Table 1 Overview of possible information to include in a codebook

Information That Must Be Provided in a Codebook

The codebook should at least list all variables that are included in the dataset, but, for some purposes, it can also include other variables. It should make a reference to all variables that are included in the published data of the article and that are analyzed in the study. Usually, if the codebook is a table, one row in the codebook refers to one column in the data frame and ideally both are in the same order. In a data frame, rows typically contain participants, and columns contain variables. There may be a few exceptions, but the principles laid out here should be adaptable to most, if not all, other cases. In Table 1, we provide a list of entries that a codebook could have including different examples. Note that not all of this information needs to be provided, especially if additional materials are shared alongside the manuscript (e.g., if one can reference the surveys or tools, then not all of the information about the items need to be shared in the codebook). At the same time, it can be possible that some items or stimuli of a study cannot be shared due to legal restrictions, especially copyright. Our examples given in Table 1 therefore serve as an inspiration – as each case is unique, authors will have to decide themselves which information they can share and which they cannot share.

Response labels. One of the most commonly used item formats in psychological assessment is probably the rating scale (Baumeister et al., 2007; Wetzel & Greiff, 2018), which consists of an item and response labels (e.g., 1 = agree, 5 = disagree). This information should also be included. One practical and efficient way to include this information has been implemented by Arslan and colleagues (2020). In their platform, https://formr.org, response labels are defined once and then re-used throughout the survey. For codebooks, a similar approach could be feasible.

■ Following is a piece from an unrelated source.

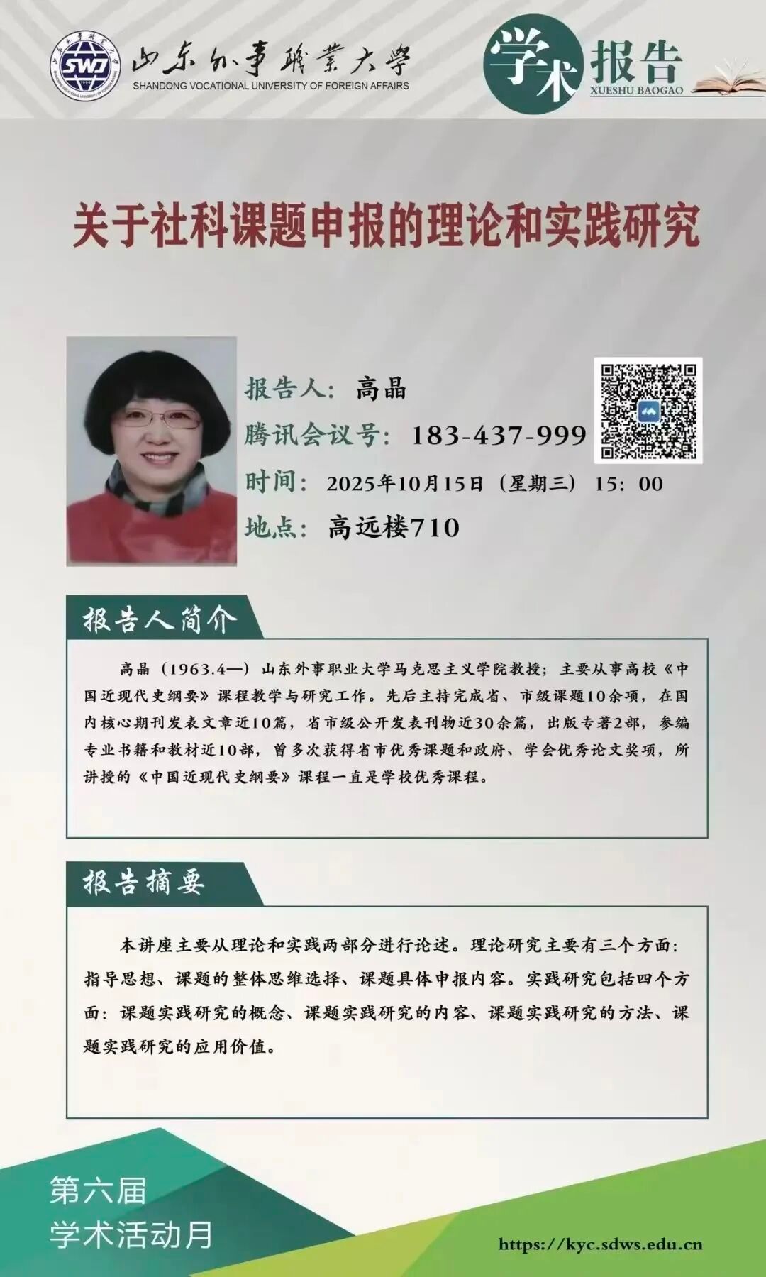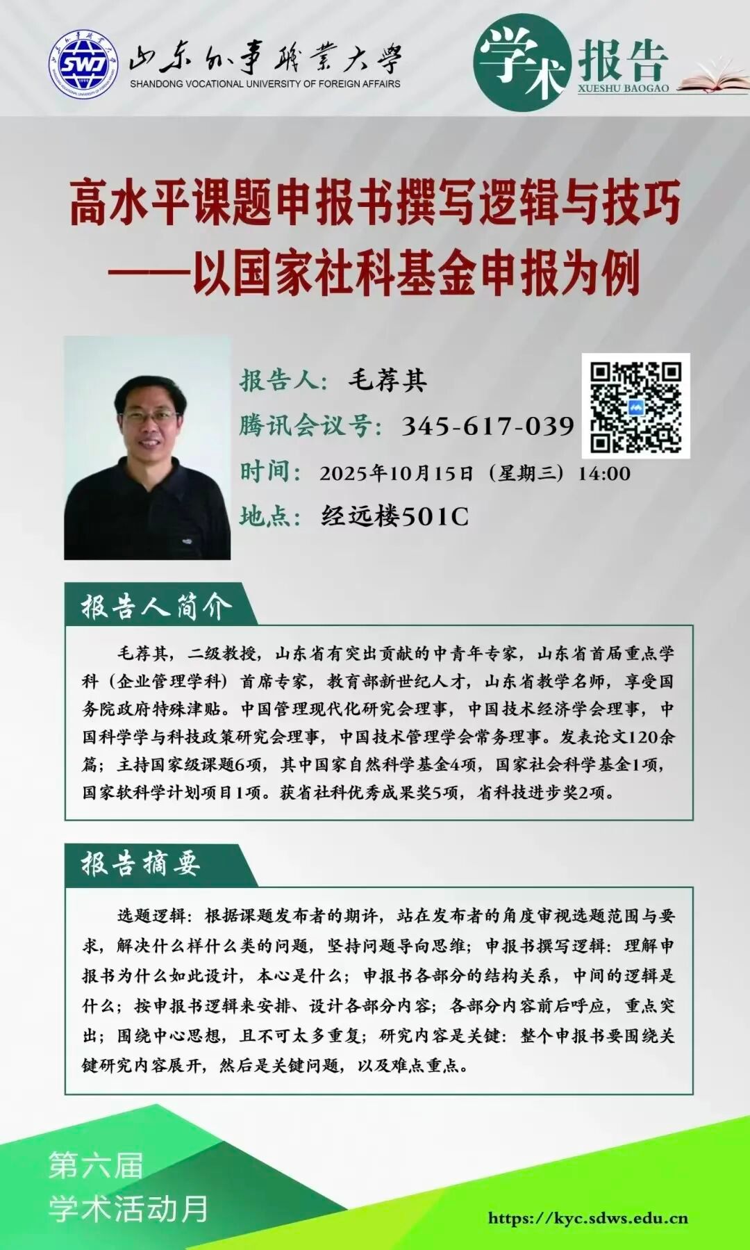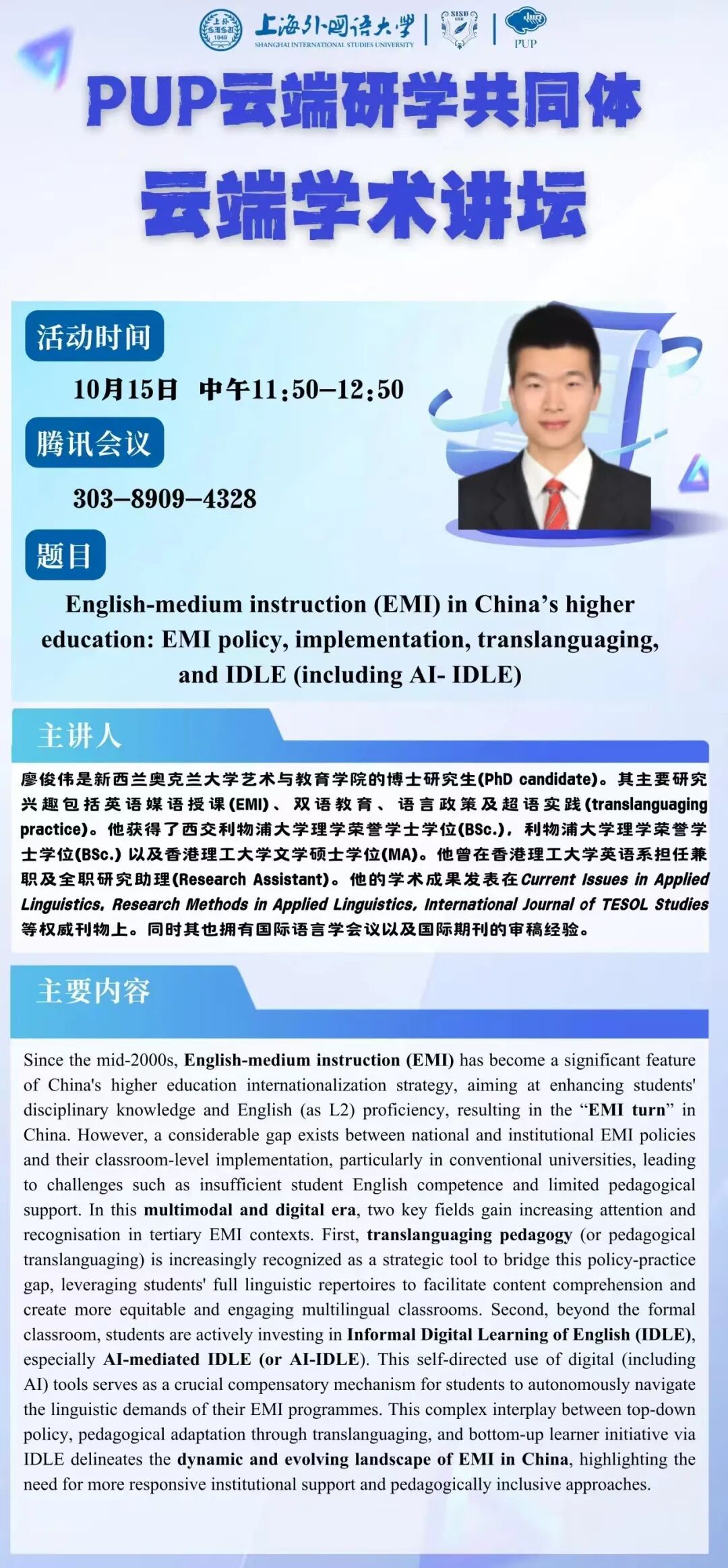 每日课表 | 10月15日学术讲座

This information can be displayed in a separate spreadsheet as exemplified in Table 2.

Table 2 Example on how to provide information about response options of Rating Scale Items

Additional information that can be provided in a codebook. A codebook must not only contain information about the data that were used in the study, but can also contain information about the data that were not used in the study. When designing a study and collecting data, it could be useful to have one codebook for the overall dataset. Whenever a subset of data from this dataset is published, the entire codebook is shared alongside the publication. This does not only save resources (when preparing the data for publication) but it also shows other researchers which additional information would in principle be available. This can be useful for reviewers if they would like to suggest additional robustness checks or for other researchers searching for alternative explanations for specific results. It can furthermore generate interest for collaboration, while the authors keep control over their yet unpublished data.

Formatting Principles

Most codebooks, and the one included here as an example, are Excel files or comparable spreadsheets. Both for the dataset and the codebook, some general rules apply. Broman and Woo (2018) lay out general principles on how to store information in a spreadsheet, and we strongly recommend this article for anyone starting to curate their data in a spreadsheet. However, some principles are especially relevant for the preparation of a codebook and the dataset.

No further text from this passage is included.